[The Romantic Settlement of Lord Selkirk’s Colonists by George Bryce]@TWC D-Link bookThe Romantic Settlement of Lord Selkirk’s Colonists CHAPTER XIV 5/9
The employees, higher and lower, became intoxicated with their success, as they now also became really intoxicated and fell into reckless habits.
The work was neglected, and the enterprize collapsed. This was the earliest boom on Red River banks.
Failure was sure to follow so mad a scheme.
The buffalo wool cloth which it cost some twelve dollars and a half to manufacture, partly in Red River Settlement and partly in England, was sold for little more than one dollar a yard.

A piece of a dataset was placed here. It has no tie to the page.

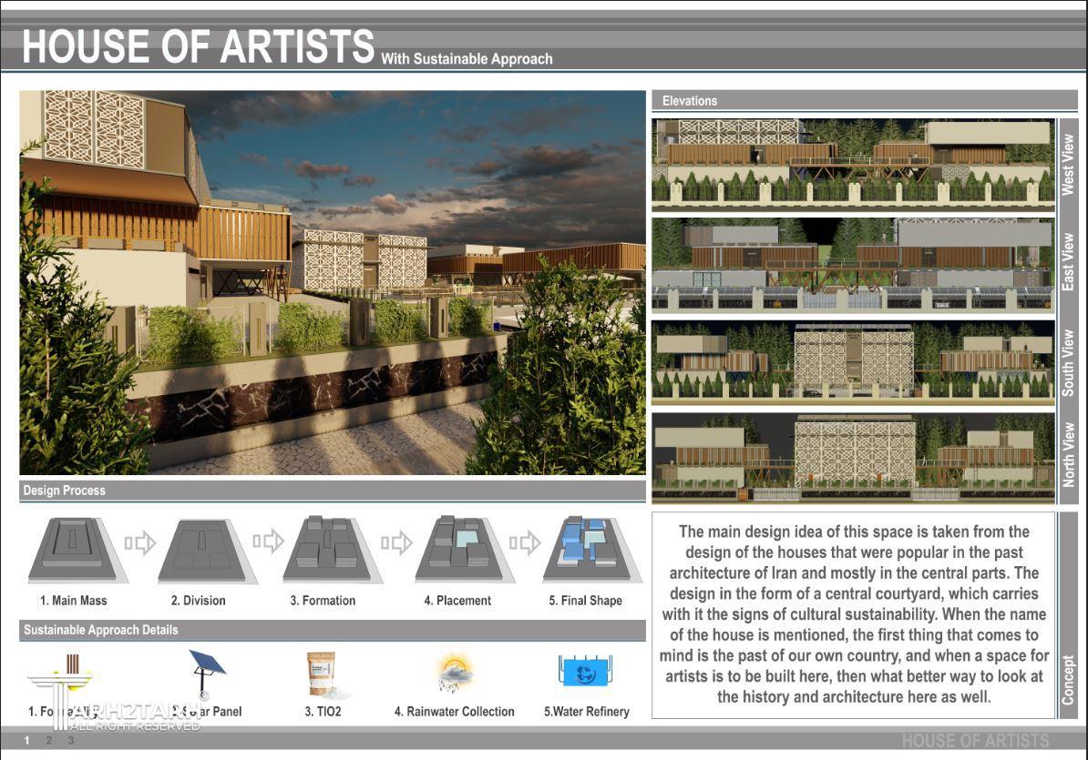 ایده اصلی طراحی این فضا از طرح خانههایی گرفته شده که در معماری گذشته ایران و بیشتر در قسمتهای مرکزی رواج داشتهاند. طرحی به شکل حیاط مرکزی که نشانههایی از پایداری فرهنگی را با خود به همراه دارد. وقتی اسم خانه به میان میآید، اولین چیزی که به ذهن میرسد گذشته کشورمان خودمان است و وقتی قرار است فضایی برای هنرمندان در اینجا ساخته شود، پس چه بهتر که به تاریخ و معماری اینجا نیز نگاهی بیندازیم. برای داشتن فضایی بدون ستون، سیستم سقف وافل روی سقف تمام طبقات نصب شده است که تا شانزده متر را پوشش میدهد. برای انتقال بار قطعات کنسول از سیستم خرپا استفاده شده است و سیستمی هماهنگ با جهت خورشید برای پوسته تغییر شکلپذیر نصب شده است.

The L2,000 of capital was all swallowed up, L4,500 of debt to the Hudson's Bay Company was never paid, the scheme became a laughing stock in England, and failure and misery followed its collapse in the Colony. At this time the French-Canadian settlement at Pembina was induced to remove to St.Boniface on the Red River, where they gathered around their new priest, Provencher, to whom they became much attached. The Selkirk Trustees, in every way, continued ungrudgingly to advance the interests of the Colony, but their plans, though often mere theories failed more from extravagance and want of good men to execute them than from any other cause. Believing that farming was the thing needing cultivation in a country with so rich a soil, the Colonizers began the Hayfield farm on the north bank of the Assiniboine River, near what is now the outskirts of the City of Winnipeg, a little above the present Agricultural College buildings.